START DATA PROVIDED

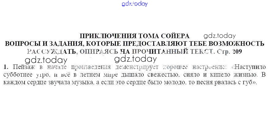 На страницах сайта gdz.today вы найдете учебный и вспомогательный материал, направленный на улучшения знаний школьной программы. ГДЗ - онлайн мир знаний Вопросы и задания, которые дают тебе возможность рассуждать, опираясь на прочитанный текст (стр. 209) Приключения Тома Сойера 1 Учебнику по Литературе для 5 класса Москвин Вентана-граф Алгоритм успеха 2020
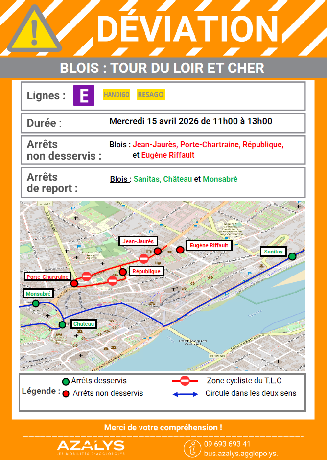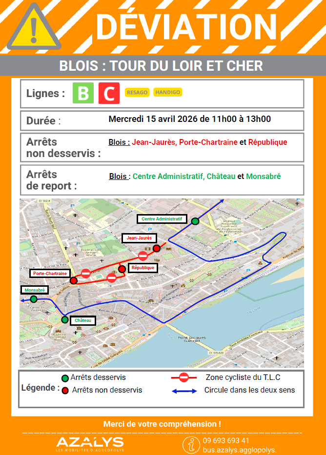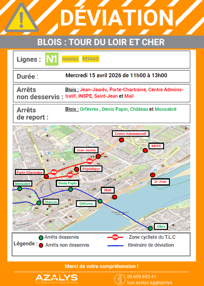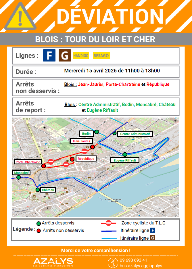 Le réseau AggloBus adapte les itinéraires des lignes 1, 2, 3, 4, 11, 22, 23 et des Navettes de centre-ville du mardi 14 au lundi 20 avril 2026 inclus.
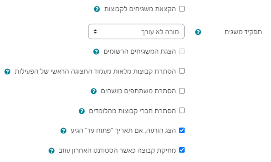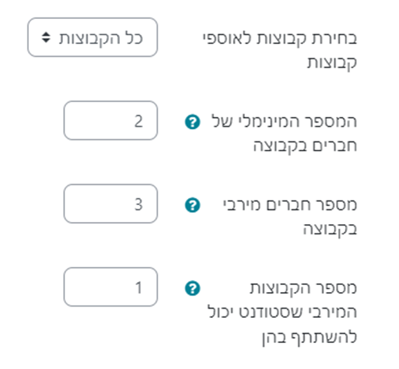 כאשר מגדירים פעילות אחרת כלשהי ניתן יהיה להשתמש בקבוצות שהוגדרו בפעילות "בחירה עצמית של קבוצה".

END DATA PROVIDED

» YOUR INSTRUCTIONS:
Your reply should consist of the data, transcribed exactly, and should hold no pictures.

» RESPONSE FOR THIS EXERCISE:
 На страницах сайта gdz.today вы найдете учебный и вспомогательный материал, направленный на улучшения знаний школьной программы. ГДЗ - онлайн мир знаний Вопросы и задания, которые дают тебе возможность рассуждать, опираясь на прочитанный текст (стр. 209) Приключения Тома Сойера 1 Учебнику по Литературе для 5 класса Москвин Вентана-граф Алгоритм успеха 2020
 Le réseau AggloBus adapte les itinéraires des lignes 1, 2, 3, 4, 11, 22, 23 et des Navettes de centre-ville du mardi 14 au lundi 20 avril 2026 inclus.
 כאשר מגדירים פעילות אחרת כלשהי ניתן יהיה להשתמש בקבוצות שהוגדרו בפעילות "בחירה עצמית של קבוצה".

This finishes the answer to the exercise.